Masallar uyutmak için anlatılır ya bazen… Biz de “Beni uyutma, kandırma”
anlamında kullanırız bu sözü, “Bana masal anlatma!”
Ama
şimdiki masalımız öyle mi ya! İnsanın okudukça okuyası geliyor; merakla,
ilgiyle, acaba ne olacak diye.
Eee, kolay mı sultan olmak, tüm dünyaya
hükmetmek, güçlü bir fil olmak? Kolay mı fillerle karıncalar arasında
haberleşmeyi sağlamak fillerin sağ kolu olmak, hüdhüdlerin başı ulukepez olmak?

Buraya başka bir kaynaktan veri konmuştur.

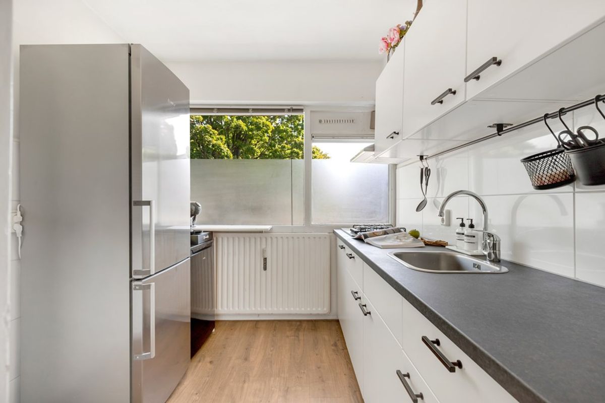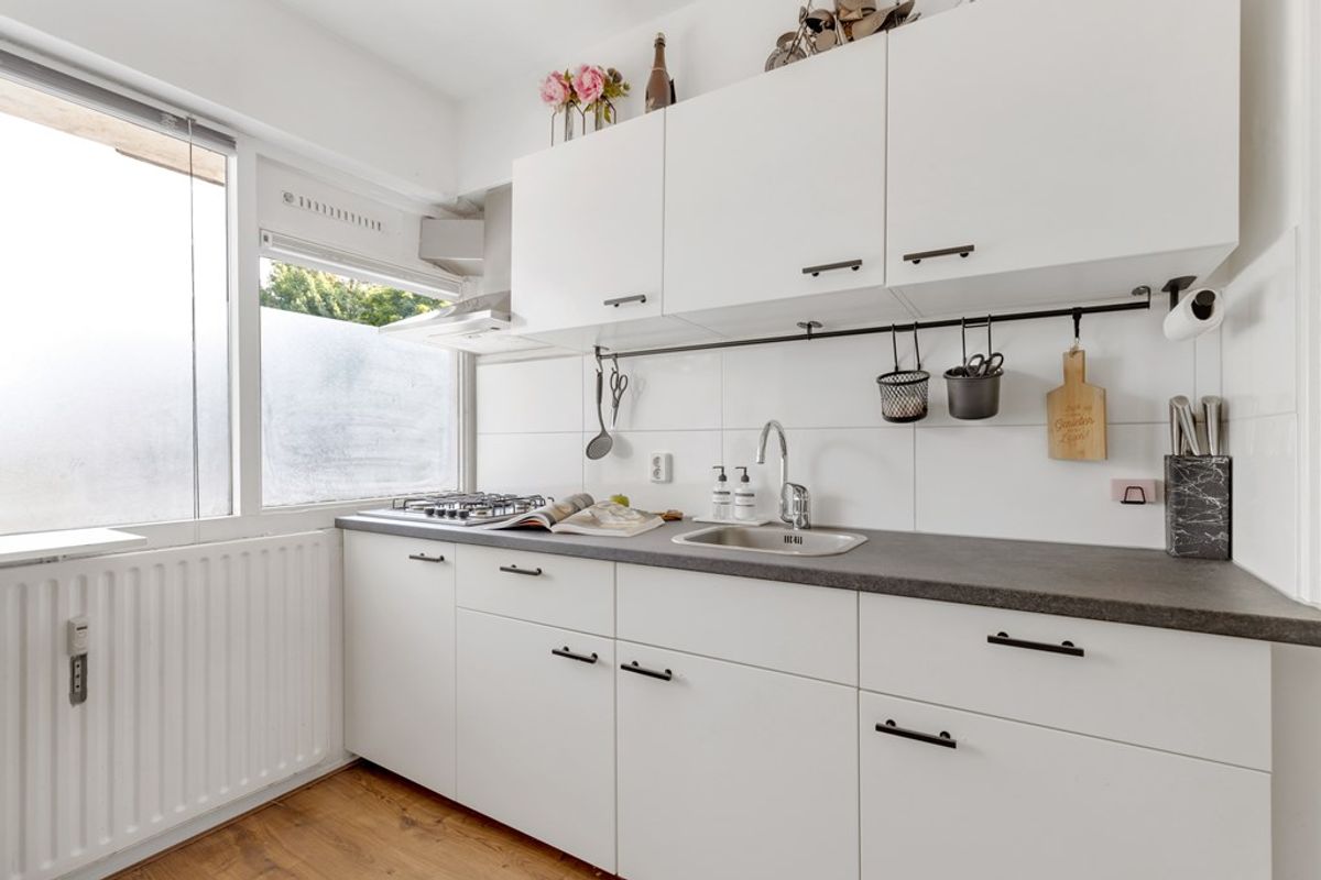 De keuken van ruim 6 m² is voorzien van een 4-pits fornuis en een afzuiger. Verder bevindt zich in de keuken nog een provisiekast en is er toegang tot de bijkeuken, met daarin een wasmachine-/droger aansluiting en de warmwater geiser. Tevens is er achter de wasmachine/droger een extra in-/uitgang vanuit de bijkeuken naar de galerij. Ook in de keuken ligt dezelfde laminaatvloer.
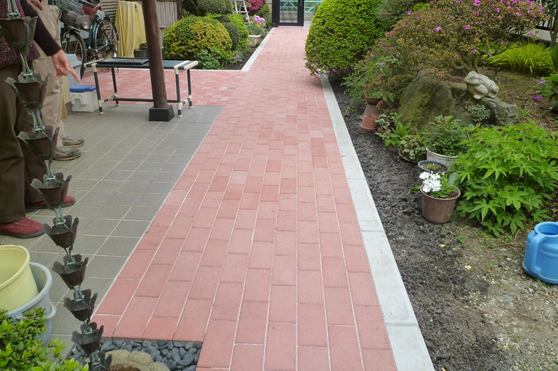 道路から玄関ポーチまでのアプローチ、敷石の浮き沈み(段差)がある為に、自転車乗り降り、歩行が困難な状況を解消するために、滑りにくい表面、多彩なカラーをラインアップし、インターロッキングにて多少のスロープを付けて工事を行いました。
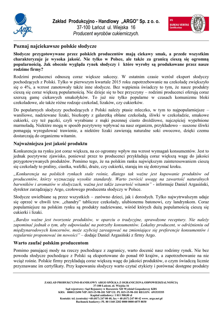 Zakład Produkcyjno - Handlowy „ARGO” Sp. z o. o. 37-100 Łańcut ul. Wiejska 16 Producent wyrobów cukierniczych. Poznaj najciekawsze polskie słodycze Słodycze przygotowywane przez polskich producentów mają ciekawy smak, a przede wszystkim charakteryzuje je wysoka jakość. Nie tylko w Polsce, ale także za granicą cieszą się ogromną popularnością. Jak obecnie wygląda rynek słodyczy i które wyroby są produkowane przez nasze rodzime firmy? Rodzimi producenci odnoszą coraz większe sukcesy. W ostatnim czasie wzrósł eksport słodyczy pochodzących z Polski. Tylko w pierwszym kwartale 2015 roku zapotrzebowanie na czekoladę zwiększyło się o 4%, a wzrost zanotowały także inne słodycze. Bez wątpienia świadczy to tym, że nasze produkty cieszą się coraz większą popularnością. Nie dzieje się to bez przyczyny – rodzimi producenci oferują coraz szerszą gamę ciekawych smakołyków. To już nie tylko popularne w czasach komunizmu bloki czekoladowe, ale także różne rodzaje czekolad, lizaków, czy cukierków. Do popularnych słodyczy pochodzących z Polski należy ptasie mleczko, w tym to najpopularniejsze – waniliowe, nadziewane lizaki, biszkopty z galaretką oblane czekoladą, śliwki w czekoladzie, smakowe cukierki, czy też pączki, czyli wyrabiane z mąki pszennej ciasto drożdżowe, najczęściej wypełnione marmoladą. Niektóre mogą w sposób pozytywny wpływać na nasz organizm, przykładowo – suszone śliwki pomagają wyregulować trawienie, a niektóre lizaki zawierają naturalne soki owocowe, dzięki czemu dostarczają do organizmu witamin. Najważniejsza jest jakość produktu Konkurencja na rynku jest coraz większa, na co ogromny wpływ ma wzrost wymagań konsumentów. Jest to jednak pozytywne zjawisko, ponieważ przez to producenci przykładają coraz większą wagę do jakości przygotowywanych produktów. Pomimo tego, że na polskim ranku największym zainteresowaniem cieszą się czekolady to praliny, ciastka, wafelki, draże, czy cukierki, starają im się dotrzymać kroku. „Konkurencja na polskich rynkach stale rośnie, dlatego tak ważne jest kupowanie produktów od producentów, którzy wyznaczają wysokie standardy. Warto zwrócić uwagę na zawartość naturalnych barwników i aromatów w słodyczach, ważna jest także zawartość witamin” - informuje Daniel Argasiński, dyrektor zarządzający Argo, czołowego producenta słodyczy w Polsce. Słodycze uwielbiane są przez wszystkich – zarówno dzieci, jak i dorosłych. Tylko najwytrwalszym udaje się oprzeć w chwili tzw. „chandry” tabliczce czekolady, ulubionemu batonowi, czy landrynkom. Coraz popularniejsze na polskim rynku są produkty nadziewane, wśród których dużą popularnością cieszą się cukierki i lizaki. „Bardzo ważne jest tworzenie produktów, w oparciu o tradycyjne, sprawdzone receptury. Nie należy zapominać jednak o tym, aby odpowiadać na potrzeby konsumentów. Lokalny producent, w odróżnieniu od międzynarodowych koncernów, może szybciej zareagować na zmieniające się preferencje konsumentów i regularnie proponować im nowości” – dodaje Daniel Argasiński z firmy Argo. Warto zaufać polskim producentom Pomimo panującej mody na rzeczy pochodzące z zagranicy, warto docenić nasz rodzimy rynek. Nie bez powodu słodycze pochodzące z Polski są eksportowane do ponad 60 krajów, a zapotrzebowanie na nie wciąż rośnie. Polskie firmy przykładają coraz większą wagę do jakości produktów, o czym świadczą licznie przyznawane im certyfikaty. Przy kupowaniu słodyczy warto czytać etykiety i porównać dostępne produkty ZAKŁAD PRODUKCYJNO-HANDLOWY ARGO SPÓŁKA Z OGRANICZONĄ ODPOWIEDZIALNOŚCIĄ 37-100 Łańcut, ul. Wiejska 16 Sąd rejestrowy: Sąd Rejonowy w Rzeszowie XII Wydział Gospodarczy KRS KRS: 0000112490 NIP: 815-15-98-181 NIP UE: PL 815-15-98-181 REGON: 691535355 Kapitał zakładowy: 1 811 500,00 zł Kontakt: tel. (centrala) +48 (017) 247 00 40, fax + 48 (017) 247 00 42 www. argo.net.pl Rachunek bankowy: PL 80 1160 2202 0000 0000 6075 8030 Zakład Produkcyjno - Handlowy „ARGO” Sp. z o. o. 37-100 Łańcut ul. Wiejska 16 Producent wyrobów cukierniczych. - dzięki temu będziemy mieli pewność, że dokonaliśmy właściwego wyboru i utwierdzimy się w przekonaniu, że polskie produkty nie tylko nie odbiegają jakością od zagranicznych, a nawet często je przewyższają. Kontakt dla prasy: Korneliusz Smolik Kom. +48 510 796 217 Email. [email protected] ZAKŁAD PRODUKCYJNO-HANDLOWY ARGO SPÓŁKA Z OGRANICZONĄ ODPOWIEDZIALNOŚCIĄ 37-100 Łańcut, ul. Wiejska 16 Sąd rejestrowy: Sąd Rejonowy w Rzeszowie XII Wydział Gospodarczy KRS KRS: 0000112490 NIP: 815-15-98-181 NIP UE: PL 815-15-98-181 REGON: 691535355 Kapitał zakładowy: 1 811 500,00 zł Kontakt: tel. (centrala) +48 (017) 247 00 40, fax + 48 (017) 247 00 42 www. argo.net.pl Rachunek bankowy: PL 80 1160 2202 0000 0000 6075 8030
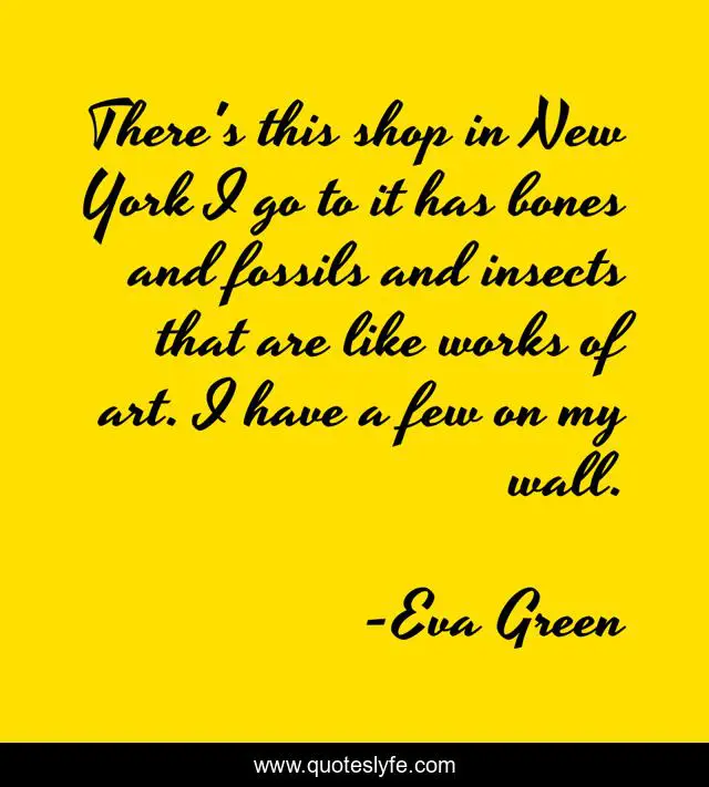 This page presents the quote "There's this shop in New York I go to it has bones and fossils and insects that are like works of art. I have a few on my wall.". Author of this quote is Eva Green. This quote is about insects, new, new york,.
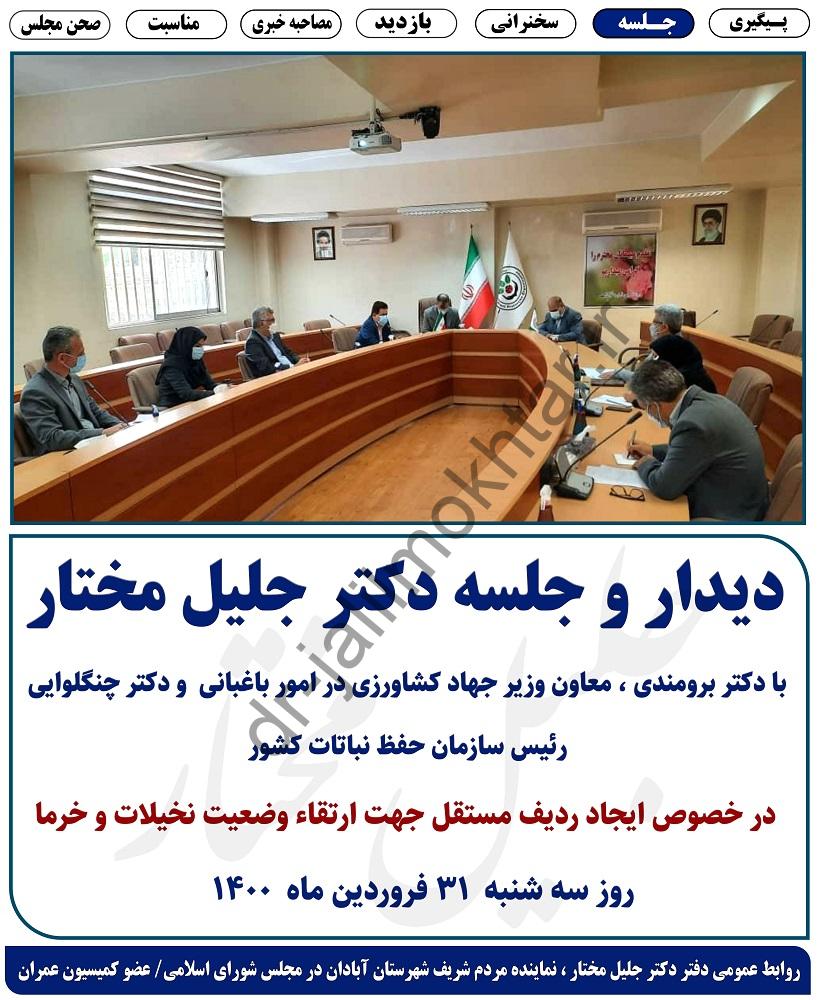 در جلسه پیگیری مشکلات کشاورزان و نخیلات شهرستان آبادان و پیگیری ایجاد ردیف مستقل جهت ارتقا وضعیت نخیلات و خرما

Kolay mı fillerin emrinde çalışmak, onlara kocaman bir saray yapmak, fil
olabilmek yolunda çaba harcamak, karınca olmak?
Sözü artık ustaya bırakmak lazım. “Filler Sultanı ile Kırmızı Sakallı
Topal Karınca”nın hikâyesini Yaşar Kemal’den okumak, okurken de düşünmek lazım.
“Karıncaları dize getiremezsek
bugün, dünyanın tekmil yaratıkları ve tarih bizi bağışlamayacaktır. Tarih bizim
bugünkü zaferimizi altın harflerle yazacaktır. Filler bugünkü savaşta büyük
utkuyu hak etmiştir, çünkü filler görkemlidir, çünkü filler soyludur, çünkü
filler çalışkandır. Kırk yüzyıllık filler tarihi durmuş orada, gökte bize
bakıyor. Yurdumuza saldıran, bize düşmanlık gösteren karıncalara karşı bugünkü
savaşta kesin utkuyu kazanmazsak tarih, filler tarihi bizi bağışlamayacaktır.”
*
* * * *
“Gün
kavuşurken akşama, ülkelerdeki karıncaların sayısı yarı yarıya inmişti.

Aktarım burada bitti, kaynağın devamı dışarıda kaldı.